EXERCISE DIRECTIONS: A verbatim copy of the listing is what is needed, minus any pictures.

※

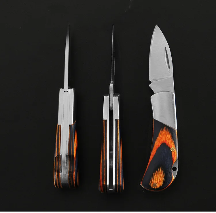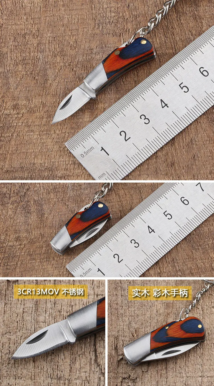 Full Size: 50mm Blade length size: 17mm Blade material: 3CR13MOV Handle material: color wood Blade thickness: 1mm Cutting edge hardness: 55HRC Weight: 11g Scope of application: survival in the jungle, camping in the wild, self-driving travel, gift giving
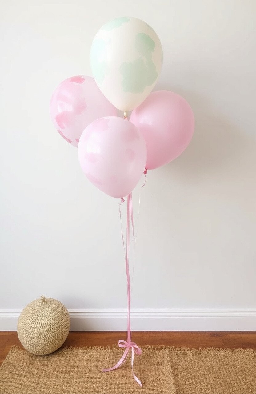 Balloons filled with feathers offer a whimsical touch. They look like little clouds floating in the air, perfect for a baby shower.
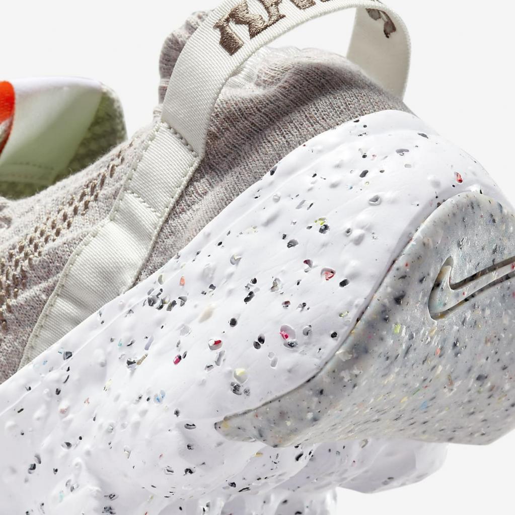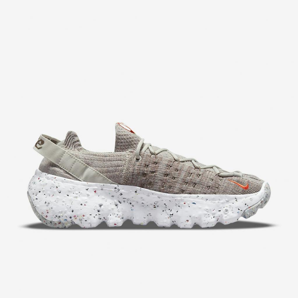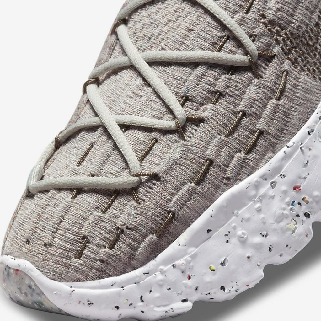 Space Hippie er historien om transformering af affald. Space Hippie 04 er lavet af mindst 25% genbrugsmateriale efter vægt fra overdelen til ydersålen. Det er den letteste silhuet i kollektionen, og den har også den laveste CO2-belastning. Overdelen i "Space Waste-tråd" indeholder omkring 75% genbrugt indhold i vægt, der er fremstillet fra genanvendte plastflasker, T-shirts og trådrester. En blød Crater-skummellemsål kombinerer Nike Grind med en blanding af skum, som giver stabilitet og en unik æstetik.
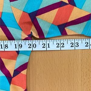 In great preowned condition. Actual item for sale photographed, please see photos for details and measurements. LuLaRoe Tunic Top Women's Large Orange Scoop Neck Colorful Geometric Soft
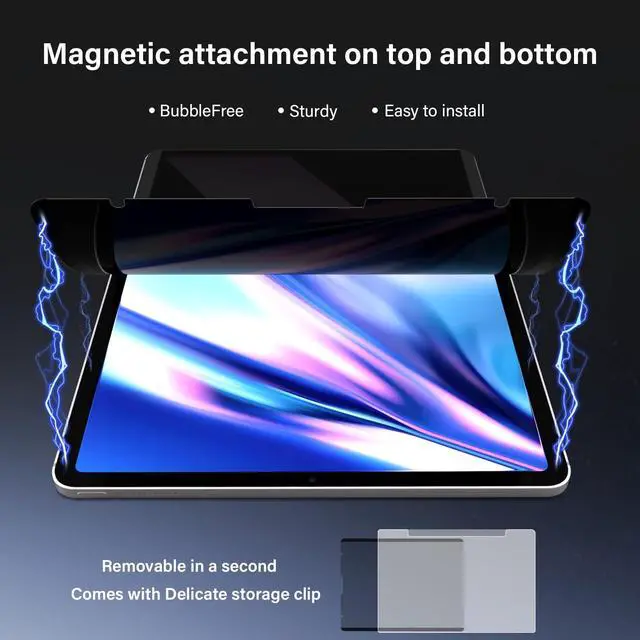 Fit Models: A2324/A2072/A2316/A2325/A2377/A2459/A2301/A2460. Please check the model number on the back bottom of your iPad ^^ EASY TO INSTALLStrong magnetic attachment on top and bottom make our privacy screen protector iPad air 11 inch more stable than others, install and remove in a second without residue and air bubbles. What's even sweeter is that it comes with a delicate storage clip, which can keep the anti-spy screen shield well when you take it off ^^ EXCELLENT PROTECTIONThis privacy iPad air 10.9 inch screen protector designed with the most advanced anti-glare technology from Germany AG to ensure our privacy screen protector blocks 95% of blue light and 92% UV light, protecting you and your screen out of damage ^^ HIGH QUALITYThis privacy iPad air 10.9 inch screen protector is made of premium PET material imported from Japan, Ultra-thin, washable, water & oil-proof, 9H hardness protect the screen from scratches and dust
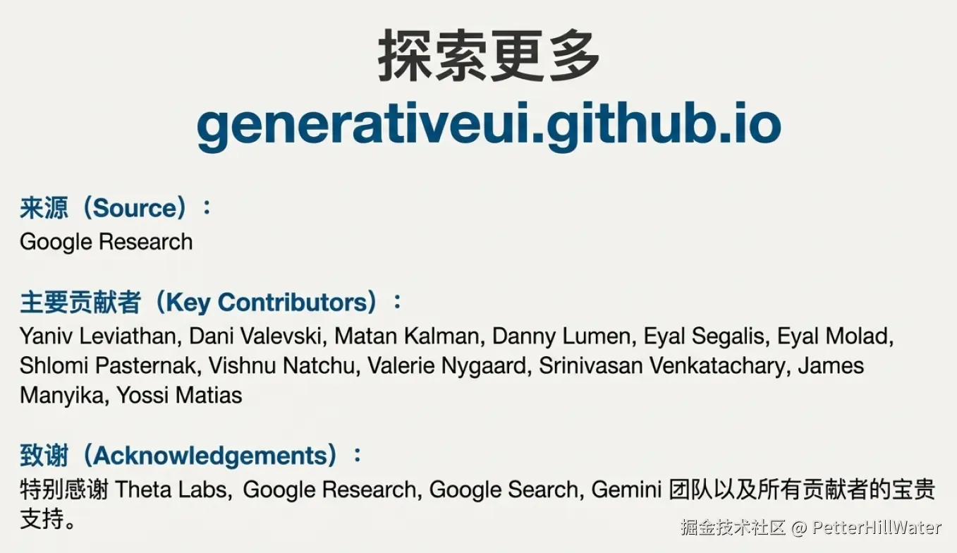尽管目前仍处于早期阶段且存在局限,但我们坚信生成式UI代表着一种全新的人机交互范式,它仅仅是迈向一个更广阔未来的第一步。白皮书的核心愿景可以概括为:

※

EXERCISE RESPONSE:
 Full Size: 50mm Blade length size: 17mm Blade material: 3CR13MOV Handle material: color wood Blade thickness: 1mm Cutting edge hardness: 55HRC Weight: 11g Scope of application: survival in the jungle, camping in the wild, self-driving travel, gift giving
 Balloons filled with feathers offer a whimsical touch. They look like little clouds floating in the air, perfect for a baby shower.
 Space Hippie er historien om transformering af affald. Space Hippie 04 er lavet af mindst 25% genbrugsmateriale efter vægt fra overdelen til ydersålen. Det er den letteste silhuet i kollektionen, og den har også den laveste CO2-belastning. Overdelen i "Space Waste-tråd" indeholder omkring 75% genbrugt indhold i vægt, der er fremstillet fra genanvendte plastflasker, T-shirts og trådrester. En blød Crater-skummellemsål kombinerer Nike Grind med en blanding af skum, som giver stabilitet og en unik æstetik.
 In great preowned condition. Actual item for sale photographed, please see photos for details and measurements. LuLaRoe Tunic Top Women's Large Orange Scoop Neck Colorful Geometric Soft
 Fit Models: A2324/A2072/A2316/A2325/A2377/A2459/A2301/A2460. Please check the model number on the back bottom of your iPad ^^ EASY TO INSTALLStrong magnetic attachment on top and bottom make our privacy screen protector iPad air 11 inch more stable than others, install and remove in a second without residue and air bubbles. What's even sweeter is that it comes with a delicate storage clip, which can keep the anti-spy screen shield well when you take it off ^^ EXCELLENT PROTECTIONThis privacy iPad air 10.9 inch screen protector designed with the most advanced anti-glare technology from Germany AG to ensure our privacy screen protector blocks 95% of blue light and 92% UV light, protecting you and your screen out of damage ^^ HIGH QUALITYThis privacy iPad air 10.9 inch screen protector is made of premium PET material imported from Japan, Ultra-thin, washable, water & oil-proof, 9H hardness protect the screen from scratches and dust
尽管目前仍处于早期阶段且存在局限,但我们坚信生成式UI代表着一种全新的人机交互范式,它仅仅是迈向一个更广阔未来的第一步。白皮书的核心愿景可以概括为:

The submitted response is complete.